I think I respond (wrongly) to my conception of the pianist rather than what I hear with these pieces. They are pretty indestructible if the pianist can play them, very tough.

But Arrau in the 1st especially, the way he knows how to mold the second movement is just tremendous.

I grew up with Serkin/Ormandy and still am fond of that.

Then a little later was dazzled by Ashkenazy's ability to play them. Just get the notes out, and I like the recordings with Haitink/RCO, pretty fine.

And then the surprise to me, that Fischer/Furtwaengler 2nd mentioned above has some of the most beautiful playing of anything I've ever heard. I expected little because I have a conception of Fischer as a "small" player, early Beethoven, Bach, Schubert, but his Brahms is SO beautiful!!

As much as I admire Gilels, I've never been knocked out by the Jochum recordings, which to Brit critics seem canonical. I think they're doing what I described above, responding to a preconception. Gilels and Jochum should be great Brahmsians, therefore....

I had the Freire, didn't stick, don't think I still have them.

I agree with someone above who found the first piece a harder sell, after all, the opening is as much a threat as a theme, and the 2nd, from the horn to the cello, gives big tunes. But once I felt the deep in the middle movement of the first, all was forgiven. Not much on Brahms actually, but that slow movement is elemental, especially as played by Arrau.


----------



## mbhaub (Dec 2, 2016)

lextune said:


> Emil Gilels with Eugen Jochum is tough to beat.


What he said. For my taste they're tops.


----------



## Guest (Dec 30, 2020)

Another vote for Gilels/Jochum. I also like Zimerman/Bernstein and Berezovsky--I think he conducts No.1 and Dmitri Liss conducts No.2.


----------



## Brahmsianhorn (Feb 17, 2017)

mparta said:


> As much as I admire Gilels, I've never been knocked out by the Jochum recordings, which to Brit critics seem canonical. I think they're doing what I described above, responding to a preconception. Gilels and Jochum should be great Brahmsians, therefore.....

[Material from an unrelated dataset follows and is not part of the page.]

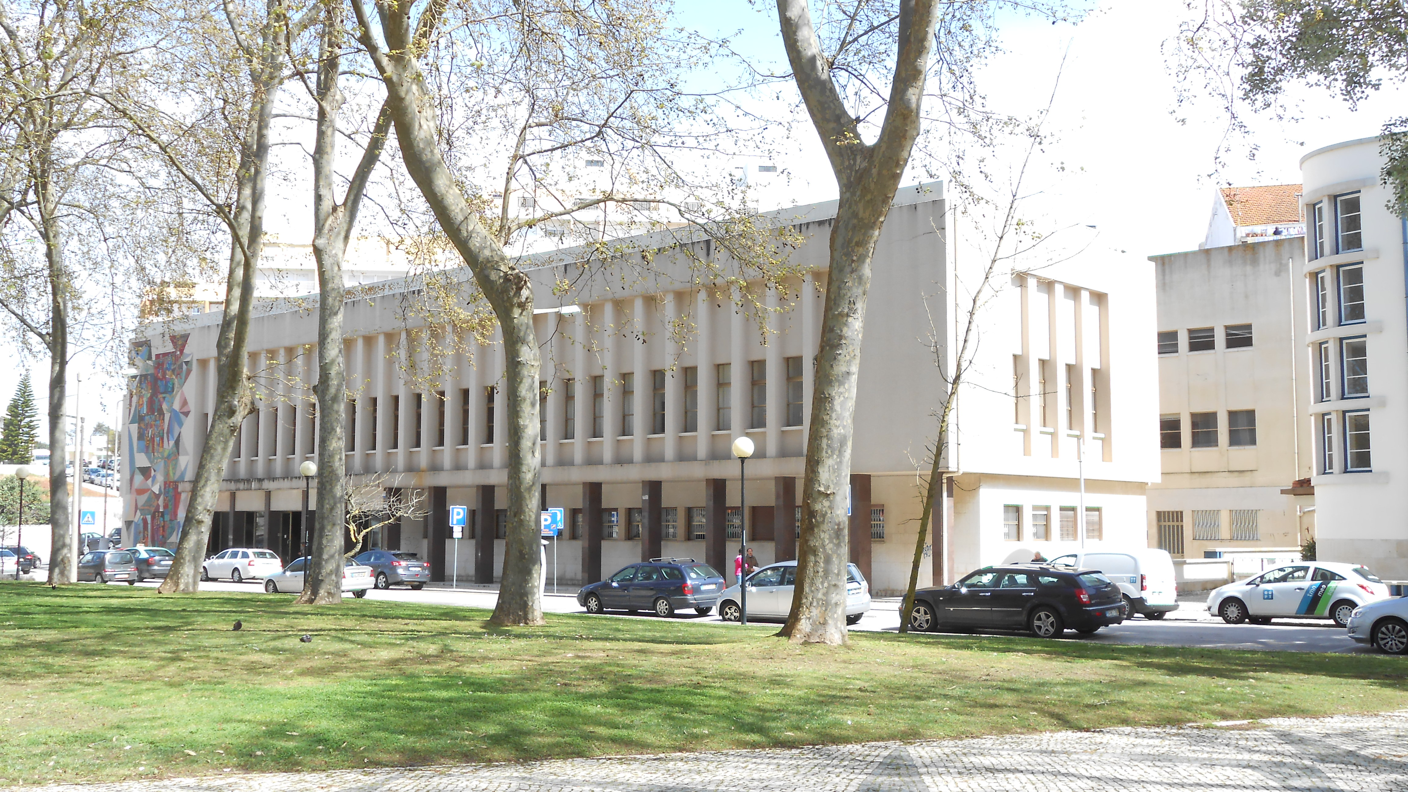 The court house in Figueira da Foz, Portugal.
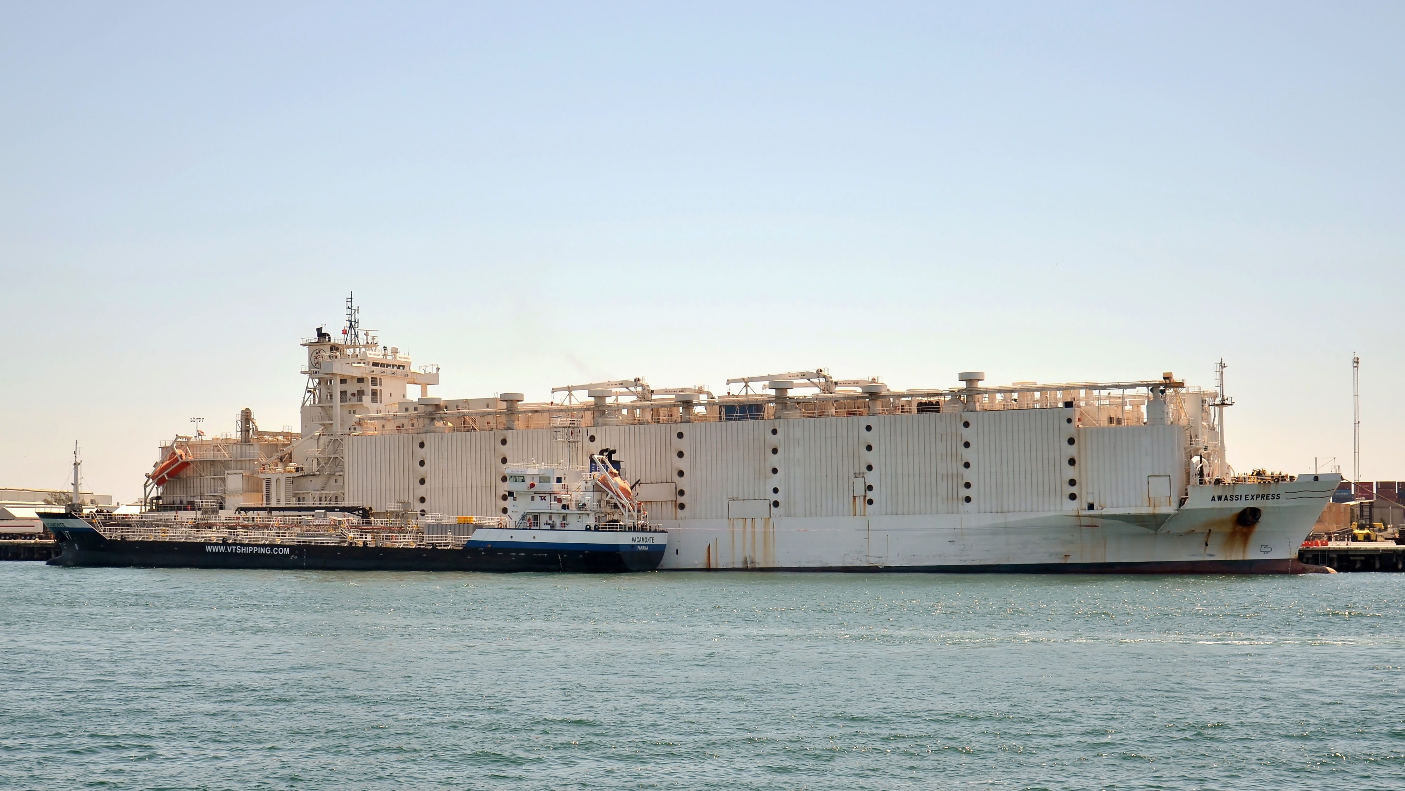 Livestock carrier Awassi Express berthed at North Quay, Fremantle Harbour, Western Australia. She is receiving bunkers from the Panamanian chemical and oil tanker Vacamonte.

Well, then many others including myself are afflicted with this preconception sickness. I hope there is a cure. All these decades I really thought I was responding to the beauty, power, and eloquence of the actual recording itself.


----------



## Rogerx (Apr 27, 2018)

Ashkenazy /V.P Haitnik ( old school)

Adam Laloum (piano)/ Rundfunk Sinfonieorchester Berlin, Kazuki Yamada


----------



## Agamenon (Apr 22, 2019)

Simon23: I agree with you. 1 & 2....! You are a master.

Gilels/Jochum,
Arrau/Giulini,
Barenboim/Barbiirolli,


----------



## Haydn man (Jan 25, 2014)

Ashkenazy with Haitink and the Concertgebouw for me too


----------



## mparta (Sep 29, 2020)

Fazioli said:


> Another vote for Gilels/Jochum. I also like Zimerman/Bernstein and Berezovsky--I think he conducts No.1 and Dmitri Liss conducts No.2.


This is a pianist with the chops to do this justice, for some reason I think not as well publicized. Sometimes that happens when the musician isn't self-promoting, or more likely, someone hasn't latched on to promoting him in order to make money. But he's really remarkable and not dull, recorded the Hindemith Ludus Tonalis. Okay, maybe that's not the best example lol, but not just a big 15 fingers kind of guy.


----------



## SanAntone (May 10, 2020)

This morning I listened to *András Schiff*'s 2020 ECM recording of both concertos acting as pianist and conductor with the *Orchestra of the Age of Enlightenment*. I thought they were very well done, with the added benefit of using period instruments.










There is also a informative lecture about the concertos by Schiff, at the piano, on YouTube


----------



## Rogerx (Apr 27, 2018)

Haydn man said:


> Ashkenazy with Haitink and the Concertgebouw for me too


I still think they are top notch. The recording as such is also perfect, in my ears that is.


----------



## golfer72 (Jan 27, 2018)

Rogerx said:


> I still think they are top notch. The recording as such is also perfect, in my ears that is.


I agree as well. I actually lost the 2nd so just ordered one off Amazon


----------



## Triplets (Sep 4, 2014)

SanAntone said:


> This morning I listened to *András Schiff*'s 2020 ECM recording of both concertos acting as pianist and conductor with the *Orchestra of the Age of Enlightenment*. I thought they were very well done, with the added benefit of using period instruments.
> 
> 
> 
> ...


----------



## marlow (11 mo ago)

Haydn man said:


> Ashkenazy with Haitink and the Concertgebouw for me too


I managed to get hold of a recording of number two with these artists and I think it's the most beautiful recording I've ever heard of this concerto.


----------



## SONNET CLV (May 31, 2014)

I first heard a Brahms concerto, the Second Piano Concerto, on _this_ recording (released 1959):









and it's still a favorite.

Conductor - Hans Swarowsky
Orchestra - Vienna State Opera Orchestra
Piano - Eduard Mrazek


----------



## maestro267 (Jul 25, 2009)

Handelian said:


> Fleeter of foot than his more legubrious trudge with Jochum





lextune said:


> Emil Gilels with Eugen Jochum is tough to beat.


The duality of TC


----------



## Animal the Drummer (Nov 14, 2015)

My reaction to that performance has changed over time. When I first heard it I loved it, but I find it doesn't really hit the spot now.


----------